## TASK INPUT
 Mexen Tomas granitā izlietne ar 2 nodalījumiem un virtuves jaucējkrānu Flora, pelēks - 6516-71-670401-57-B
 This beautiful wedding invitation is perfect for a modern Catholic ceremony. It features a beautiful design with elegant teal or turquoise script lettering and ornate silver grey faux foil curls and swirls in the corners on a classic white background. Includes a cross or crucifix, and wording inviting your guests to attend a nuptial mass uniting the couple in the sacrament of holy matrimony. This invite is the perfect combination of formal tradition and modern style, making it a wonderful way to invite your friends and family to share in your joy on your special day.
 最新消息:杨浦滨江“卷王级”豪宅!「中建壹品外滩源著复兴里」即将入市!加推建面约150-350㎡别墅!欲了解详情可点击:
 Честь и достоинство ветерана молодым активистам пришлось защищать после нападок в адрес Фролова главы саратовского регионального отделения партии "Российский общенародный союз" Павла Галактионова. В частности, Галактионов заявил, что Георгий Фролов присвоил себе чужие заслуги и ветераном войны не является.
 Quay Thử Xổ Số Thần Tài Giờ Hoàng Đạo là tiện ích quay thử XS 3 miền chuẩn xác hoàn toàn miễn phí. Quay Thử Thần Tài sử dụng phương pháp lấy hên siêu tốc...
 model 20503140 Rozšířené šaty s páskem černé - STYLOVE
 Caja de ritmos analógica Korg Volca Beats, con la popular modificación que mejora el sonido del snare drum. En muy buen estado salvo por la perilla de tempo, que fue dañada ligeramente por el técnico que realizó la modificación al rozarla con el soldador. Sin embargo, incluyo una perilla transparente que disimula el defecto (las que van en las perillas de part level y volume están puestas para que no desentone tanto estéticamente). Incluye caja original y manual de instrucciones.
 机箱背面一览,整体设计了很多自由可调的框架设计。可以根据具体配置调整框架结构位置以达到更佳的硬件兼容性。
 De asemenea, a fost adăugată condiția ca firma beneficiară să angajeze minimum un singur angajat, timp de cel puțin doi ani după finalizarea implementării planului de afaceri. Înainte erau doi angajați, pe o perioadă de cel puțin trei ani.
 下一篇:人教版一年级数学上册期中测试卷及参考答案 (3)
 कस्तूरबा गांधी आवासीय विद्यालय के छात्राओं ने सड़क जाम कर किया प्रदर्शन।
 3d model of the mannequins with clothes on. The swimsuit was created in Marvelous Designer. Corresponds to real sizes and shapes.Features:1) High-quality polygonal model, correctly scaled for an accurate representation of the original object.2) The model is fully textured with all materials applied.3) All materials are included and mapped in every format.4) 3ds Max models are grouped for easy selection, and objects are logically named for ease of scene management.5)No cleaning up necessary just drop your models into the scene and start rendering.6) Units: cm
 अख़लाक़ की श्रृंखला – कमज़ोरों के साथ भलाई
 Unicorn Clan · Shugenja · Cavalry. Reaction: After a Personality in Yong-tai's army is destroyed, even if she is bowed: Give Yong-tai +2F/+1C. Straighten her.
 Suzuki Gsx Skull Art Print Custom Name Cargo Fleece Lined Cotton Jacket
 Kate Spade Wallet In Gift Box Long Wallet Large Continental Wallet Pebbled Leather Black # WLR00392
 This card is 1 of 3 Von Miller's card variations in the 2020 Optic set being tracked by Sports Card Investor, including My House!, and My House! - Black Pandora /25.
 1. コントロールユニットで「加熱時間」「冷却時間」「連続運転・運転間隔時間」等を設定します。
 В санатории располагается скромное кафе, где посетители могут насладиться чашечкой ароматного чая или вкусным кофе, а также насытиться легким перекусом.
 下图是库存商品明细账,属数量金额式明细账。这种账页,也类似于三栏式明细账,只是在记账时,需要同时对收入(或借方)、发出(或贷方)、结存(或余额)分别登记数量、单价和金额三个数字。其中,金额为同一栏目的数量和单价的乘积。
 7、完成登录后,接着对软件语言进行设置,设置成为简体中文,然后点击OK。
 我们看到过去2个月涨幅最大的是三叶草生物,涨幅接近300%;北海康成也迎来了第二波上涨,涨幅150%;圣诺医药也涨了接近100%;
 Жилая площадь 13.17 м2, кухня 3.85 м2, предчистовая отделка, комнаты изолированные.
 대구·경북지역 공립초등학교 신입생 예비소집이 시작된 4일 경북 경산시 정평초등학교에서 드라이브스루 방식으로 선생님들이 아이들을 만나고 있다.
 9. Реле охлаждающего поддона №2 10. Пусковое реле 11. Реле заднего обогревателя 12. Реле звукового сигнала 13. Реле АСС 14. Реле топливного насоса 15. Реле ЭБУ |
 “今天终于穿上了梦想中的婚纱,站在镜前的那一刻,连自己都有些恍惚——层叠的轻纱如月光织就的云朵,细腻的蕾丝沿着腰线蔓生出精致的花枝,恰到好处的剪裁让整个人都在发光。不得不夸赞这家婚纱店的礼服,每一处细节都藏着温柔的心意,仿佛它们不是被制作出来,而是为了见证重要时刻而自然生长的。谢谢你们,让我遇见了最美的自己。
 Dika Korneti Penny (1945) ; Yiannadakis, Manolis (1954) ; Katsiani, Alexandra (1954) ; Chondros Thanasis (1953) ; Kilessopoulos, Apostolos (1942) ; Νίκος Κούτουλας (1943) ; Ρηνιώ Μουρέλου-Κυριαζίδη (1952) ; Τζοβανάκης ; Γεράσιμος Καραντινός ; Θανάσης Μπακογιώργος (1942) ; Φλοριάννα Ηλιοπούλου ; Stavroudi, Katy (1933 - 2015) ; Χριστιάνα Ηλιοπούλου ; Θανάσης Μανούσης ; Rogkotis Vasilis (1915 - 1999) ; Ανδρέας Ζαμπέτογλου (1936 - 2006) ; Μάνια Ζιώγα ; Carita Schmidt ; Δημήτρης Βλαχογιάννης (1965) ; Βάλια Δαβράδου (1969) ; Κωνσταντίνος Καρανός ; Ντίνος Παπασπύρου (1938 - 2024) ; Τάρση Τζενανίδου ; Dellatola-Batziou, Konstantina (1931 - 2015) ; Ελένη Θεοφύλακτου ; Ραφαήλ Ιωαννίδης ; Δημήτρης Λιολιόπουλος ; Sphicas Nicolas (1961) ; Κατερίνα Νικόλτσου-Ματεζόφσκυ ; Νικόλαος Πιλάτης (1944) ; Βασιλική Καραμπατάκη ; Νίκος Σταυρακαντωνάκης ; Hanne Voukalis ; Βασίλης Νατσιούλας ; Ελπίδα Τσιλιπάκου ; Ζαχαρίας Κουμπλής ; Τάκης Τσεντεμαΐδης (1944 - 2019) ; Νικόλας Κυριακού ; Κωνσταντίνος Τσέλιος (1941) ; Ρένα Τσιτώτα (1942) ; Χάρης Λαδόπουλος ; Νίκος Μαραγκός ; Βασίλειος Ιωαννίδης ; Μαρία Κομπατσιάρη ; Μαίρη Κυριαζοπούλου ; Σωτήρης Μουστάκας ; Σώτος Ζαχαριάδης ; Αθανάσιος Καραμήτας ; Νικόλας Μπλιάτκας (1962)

## EXERCISE OBJECTIVE
Output the complete data exactly as written.

## ANSWER TO THIS TASK
 Mexen Tomas granitā izlietne ar 2 nodalījumiem un virtuves jaucējkrānu Flora, pelēks - 6516-71-670401-57-B
 This beautiful wedding invitation is perfect for a modern Catholic ceremony. It features a beautiful design with elegant teal or turquoise script lettering and ornate silver grey faux foil curls and swirls in the corners on a classic white background. Includes a cross or crucifix, and wording inviting your guests to attend a nuptial mass uniting the couple in the sacrament of holy matrimony. This invite is the perfect combination of formal tradition and modern style, making it a wonderful way to invite your friends and family to share in your joy on your special day.
 最新消息:杨浦滨江“卷王级”豪宅!「中建壹品外滩源著复兴里」即将入市!加推建面约150-350㎡别墅!欲了解详情可点击:
 Честь и достоинство ветерана молодым активистам пришлось защищать после нападок в адрес Фролова главы саратовского регионального отделения партии "Российский общенародный союз" Павла Галактионова. В частности, Галактионов заявил, что Георгий Фролов присвоил себе чужие заслуги и ветераном войны не является.
 Quay Thử Xổ Số Thần Tài Giờ Hoàng Đạo là tiện ích quay thử XS 3 miền chuẩn xác hoàn toàn miễn phí. Quay Thử Thần Tài sử dụng phương pháp lấy hên siêu tốc...
 model 20503140 Rozšířené šaty s páskem černé - STYLOVE
 Caja de ritmos analógica Korg Volca Beats, con la popular modificación que mejora el sonido del snare drum. En muy buen estado salvo por la perilla de tempo, que fue dañada ligeramente por el técnico que realizó la modificación al rozarla con el soldador. Sin embargo, incluyo una perilla transparente que disimula el defecto (las que van en las perillas de part level y volume están puestas para que no desentone tanto estéticamente). Incluye caja original y manual de instrucciones.
 机箱背面一览,整体设计了很多自由可调的框架设计。可以根据具体配置调整框架结构位置以达到更佳的硬件兼容性。
 De asemenea, a fost adăugată condiția ca firma beneficiară să angajeze minimum un singur angajat, timp de cel puțin doi ani după finalizarea implementării planului de afaceri. Înainte erau doi angajați, pe o perioadă de cel puțin trei ani.
 下一篇:人教版一年级数学上册期中测试卷及参考答案 (3)
 कस्तूरबा गांधी आवासीय विद्यालय के छात्राओं ने सड़क जाम कर किया प्रदर्शन।
 3d model of the mannequins with clothes on. The swimsuit was created in Marvelous Designer. Corresponds to real sizes and shapes.Features:1) High-quality polygonal model, correctly scaled for an accurate representation of the original object.2) The model is fully textured with all materials applied.3) All materials are included and mapped in every format.4) 3ds Max models are grouped for easy selection, and objects are logically named for ease of scene management.5)No cleaning up necessary just drop your models into the scene and start rendering.6) Units: cm
 अख़लाक़ की श्रृंखला – कमज़ोरों के साथ भलाई
 Unicorn Clan · Shugenja · Cavalry. Reaction: After a Personality in Yong-tai's army is destroyed, even if she is bowed: Give Yong-tai +2F/+1C. Straighten her.
 Suzuki Gsx Skull Art Print Custom Name Cargo Fleece Lined Cotton Jacket
 Kate Spade Wallet In Gift Box Long Wallet Large Continental Wallet Pebbled Leather Black # WLR00392
 This card is 1 of 3 Von Miller's card variations in the 2020 Optic set being tracked by Sports Card Investor, including My House!, and My House! - Black Pandora /25.
 1. コントロールユニットで「加熱時間」「冷却時間」「連続運転・運転間隔時間」等を設定します。
 В санатории располагается скромное кафе, где посетители могут насладиться чашечкой ароматного чая или вкусным кофе, а также насытиться легким перекусом.
 下图是库存商品明细账,属数量金额式明细账。这种账页,也类似于三栏式明细账,只是在记账时,需要同时对收入(或借方)、发出(或贷方)、结存(或余额)分别登记数量、单价和金额三个数字。其中,金额为同一栏目的数量和单价的乘积。
 7、完成登录后,接着对软件语言进行设置,设置成为简体中文,然后点击OK。
 我们看到过去2个月涨幅最大的是三叶草生物,涨幅接近300%;北海康成也迎来了第二波上涨,涨幅150%;圣诺医药也涨了接近100%;
 Жилая площадь 13.17 м2, кухня 3.85 м2, предчистовая отделка, комнаты изолированные.
 대구·경북지역 공립초등학교 신입생 예비소집이 시작된 4일 경북 경산시 정평초등학교에서 드라이브스루 방식으로 선생님들이 아이들을 만나고 있다.
 9. Реле охлаждающего поддона №2 10. Пусковое реле 11. Реле заднего обогревателя 12. Реле звукового сигнала 13. Реле АСС 14. Реле топливного насоса 15. Реле ЭБУ |
 “今天终于穿上了梦想中的婚纱,站在镜前的那一刻,连自己都有些恍惚——层叠的轻纱如月光织就的云朵,细腻的蕾丝沿着腰线蔓生出精致的花枝,恰到好处的剪裁让整个人都在发光。不得不夸赞这家婚纱店的礼服,每一处细节都藏着温柔的心意,仿佛它们不是被制作出来,而是为了见证重要时刻而自然生长的。谢谢你们,让我遇见了最美的自己。
 Dika Korneti Penny (1945) ; Yiannadakis, Manolis (1954) ; Katsiani, Alexandra (1954) ; Chondros Thanasis (1953) ; Kilessopoulos, Apostolos (1942) ; Νίκος Κούτουλας (1943) ; Ρηνιώ Μουρέλου-Κυριαζίδη (1952) ; Τζοβανάκης ; Γεράσιμος Καραντινός ; Θανάσης Μπακογιώργος (1942) ; Φλοριάννα Ηλιοπούλου ; Stavroudi, Katy (1933 - 2015) ; Χριστιάνα Ηλιοπούλου ; Θανάσης Μανούσης ; Rogkotis Vasilis (1915 - 1999) ; Ανδρέας Ζαμπέτογλου (1936 - 2006) ; Μάνια Ζιώγα ; Carita Schmidt ; Δημήτρης Βλαχογιάννης (1965) ; Βάλια Δαβράδου (1969) ; Κωνσταντίνος Καρανός ; Ντίνος Παπασπύρου (1938 - 2024) ; Τάρση Τζενανίδου ; Dellatola-Batziou, Konstantina (1931 - 2015) ; Ελένη Θεοφύλακτου ; Ραφαήλ Ιωαννίδης ; Δημήτρης Λιολιόπουλος ; Sphicas Nicolas (1961) ; Κατερίνα Νικόλτσου-Ματεζόφσκυ ; Νικόλαος Πιλάτης (1944) ; Βασιλική Καραμπατάκη ; Νίκος Σταυρακαντωνάκης ; Hanne Voukalis ; Βασίλης Νατσιούλας ; Ελπίδα Τσιλιπάκου ; Ζαχαρίας Κουμπλής ; Τάκης Τσεντεμαΐδης (1944 - 2019) ; Νικόλας Κυριακού ; Κωνσταντίνος Τσέλιος (1941) ; Ρένα Τσιτώτα (1942) ; Χάρης Λαδόπουλος ; Νίκος Μαραγκός ; Βασίλειος Ιωαννίδης ; Μαρία Κομπατσιάρη ; Μαίρη Κυριαζοπούλου ; Σωτήρης Μουστάκας ; Σώτος Ζαχαριάδης ; Αθανάσιος Καραμήτας ; Νικόλας Μπλιάτκας (1962)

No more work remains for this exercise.